Alfaz-e-Mewat FM 107.8 (Rural Voices of Mewat) is a community radio station established in 2012 by S M Sehgal Foundation with seed funding from the Ministry of Agriculture, Government of India, under its Agricultural Technology Management Agency scheme.
The radio station is located in a community center in the village of Ghaghas in Haryana, India.

Villagers, schoolchildren, and local artists take part in radio programs and interviews. Community members manage the station as technicians, producers, and facilitators. In areas without radio signals, villagers listen and participate by calling a toll-free number.

Listener Community 
The Mewat region, now called Nuh, served by Alfaz-e-Mewat has been identified by the Ministry of Minority Affairs as a "minority-concentrated backward district" with problems in basic areas such as water availability, agricultural production, health, literacy, and a lack of awareness about government entitlements and services. Most people in the region are Meo Muslims, a unique and distinct composite culture. Because women are often isolated at home in these rural communities, community radio provides "a window to the outside world" as well as a tool for the empowerment of women and girls.

Programs 
Alfaz-e-Mewat FM 107.8 broadcasts 13 hours a day, seven days a week, to households in more than 225 villages. Information and communications technologies increase program reach outside the immediate geographic coverage area. Narrowcasting collects program feedback and facilitates community dialogue. Live streaming, mobile apps, and podcasts provide program content access to and from anywhere in the world.

Villagers hear about and discuss best practices in water management and conservation, health and sanitation, education, agriculture, environmental awareness, and rural governance. 
Awareness campaigns and programs discuss social issues that affect citizens. 
Oral folklore, poetry, music, and storytelling programs showcase cultural heritage, history, and people of the area.
Women broadcasters invite women to take part in conversations about local issues.
Educational programs that cater to children include Galli Galli Sim Sim (the Indian adaptation of Sesame Street) and Radio School tutoring in science, math, and English.
In daily interviews, experts and others share their experiences and achievements in varied walks of life.
Listeners' needs are shared with government administrative services.
Programming is shared with other community radio stations.
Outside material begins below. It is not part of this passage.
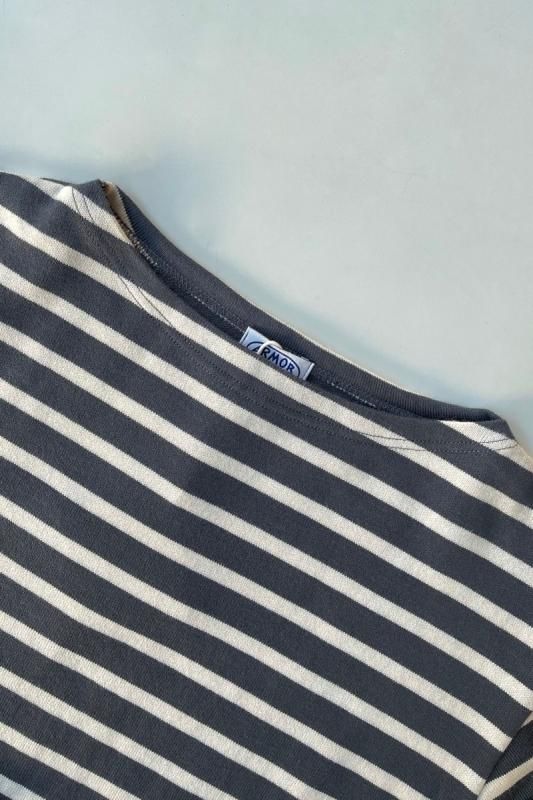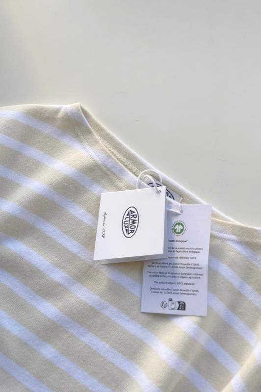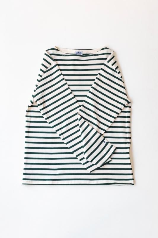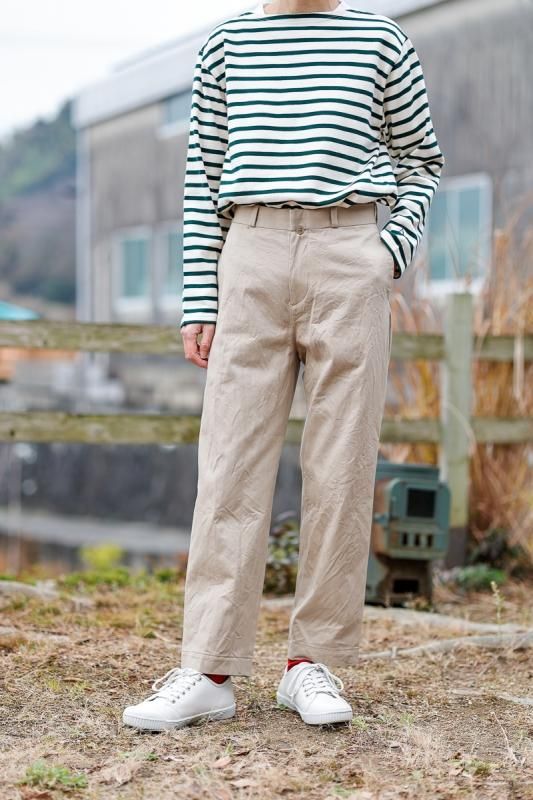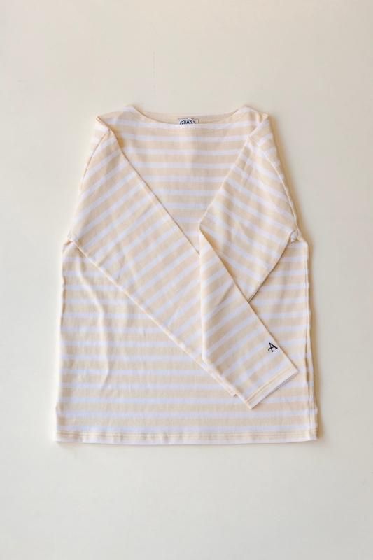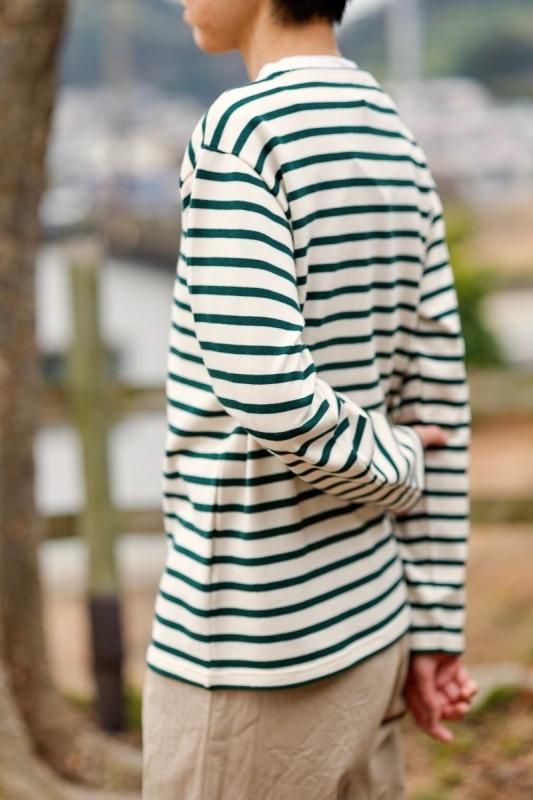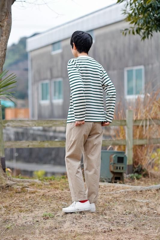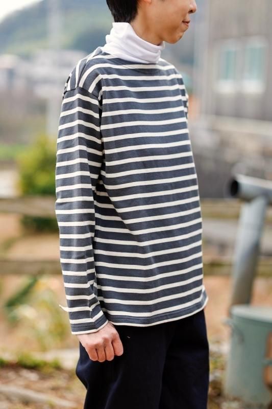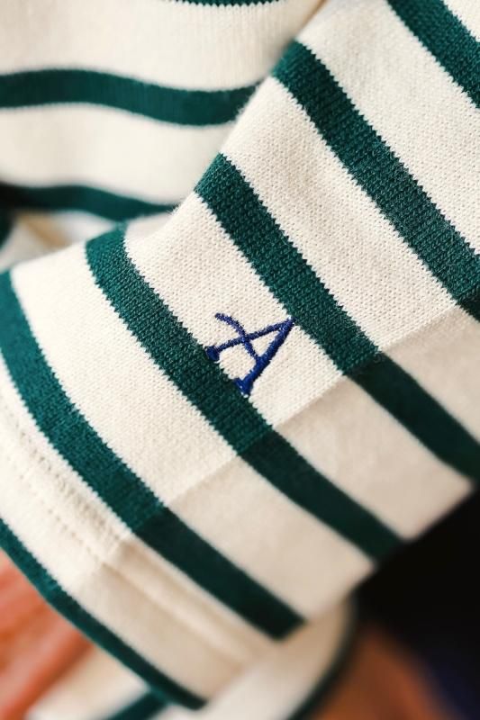 素材 綿100%(オーガニックコットン) カラー オフホワイト × グリーン(深い色のグリーン) グレー × オフホワイト オフホワイト × ホワイト サイズ 2, 3 , 4, 5 〈サイズ目安〉ユニセックス サイズ2(XS)肩幅 40:身幅 45:着丈 59:袖丈 53:袖口幅 11 : 裾幅 46(cm) サイズ3(S)肩幅 43:身幅 47.5:着丈 60:袖丈 54:袖口幅 11 : 裾幅 49 (cm) *グレーのみ袖丈51.5 サイズ4(M)肩幅 46:身幅 50.5:着丈 66:袖丈 56:袖口幅 12.5 : 裾幅 51(cm) サイズ5(L)肩幅 48:身幅 52:着丈 68:袖丈 57:袖口幅 12.5 : 裾幅 53(cm) *個体差がございます。サイズの多少の誤差はご了承くださいませ。 フランス製 アルモリュクスの特徴は、着心地にあります。 メインアイテムとなるブルトンシャツ(ボートネックボーダーシャツ)は、 オーガニックコットンやフェアトレードコットンを原料とし、 ある程度の厚みを持たせつつ、独特の柔らかさがあります。 ストレスを感じさせない快適な着心地です。 *乾燥機をかけなければ、縮みもほぼ気になりません。 (綿特有の、何度も着て洗ってを繰り返せば、少しづつの縮みはあります。) こちらで紹介するのは、さらに柔らかなオーガニックコットンになります。 オフホワイト×ホワイト グレー×オフホワイト 左袖口の「A」の刺繍がアクセント。 上より グレー × オフホワイト オフホワイト × グリーン オフホワイト × ホワイト こちらは日本別注になります。 ベーシックなフィット感を意識したサイズ設定で、 スタンダードな身幅です。 お好きなサイズ感をお選び下さいね。 身長160センチ オフホワイト × グリーン サイズ3着用 コーディネイトのベルト mononogu ウエスタンベルト コーディネイトのベルト mononogu メッシュベルト(MESH25) オフホワイト×ホワイト グレー×オフホワイト サイズ3着用 インナーのタートル homspun 60/1フライス タートルネック プルオーバー ※パソコンのモニター環境により、商品の色味が実物と異なって見える場合がございます。 予めご了承ください。

Alfaz-e-Mewat won the Manthan Award for community broadcasting in 2015. Alfaz-e-Mewat's founder representative Pooja O. Murada has co-authored a book 'Community Radio in India' with Dr. R Sreedher, radio expert, published by Aakar and supported by UNESCO New Delhi Cluster Office.

References

External links 
•*
•*
•*
•https://www.youthkiawaaz.com/2017/07/full-on-nikki-and-yourstoryteller-series-for-teenage-girls-and-children/ (July 2017)
•http://www.hindustantimes.com/delhi-news/mewat-s-community-radio-alfaz-e-mewat-gives-a-powerful-voice-to-the-unheard/story-CR3h1sS82HQpB18cVp3o9K.html (September 2017)
•http://www.thestatesman.com/features/for-the-people-by-the-people-1502496116.html (September 2017)
•https://feminisminindia.com/2017/10/06/anuradha-alfaz-e-mewat/ (October 2017)
•http://www.thestatesman.com/books-education/i-we-and-the-bridge-1502528891.html (November 2017)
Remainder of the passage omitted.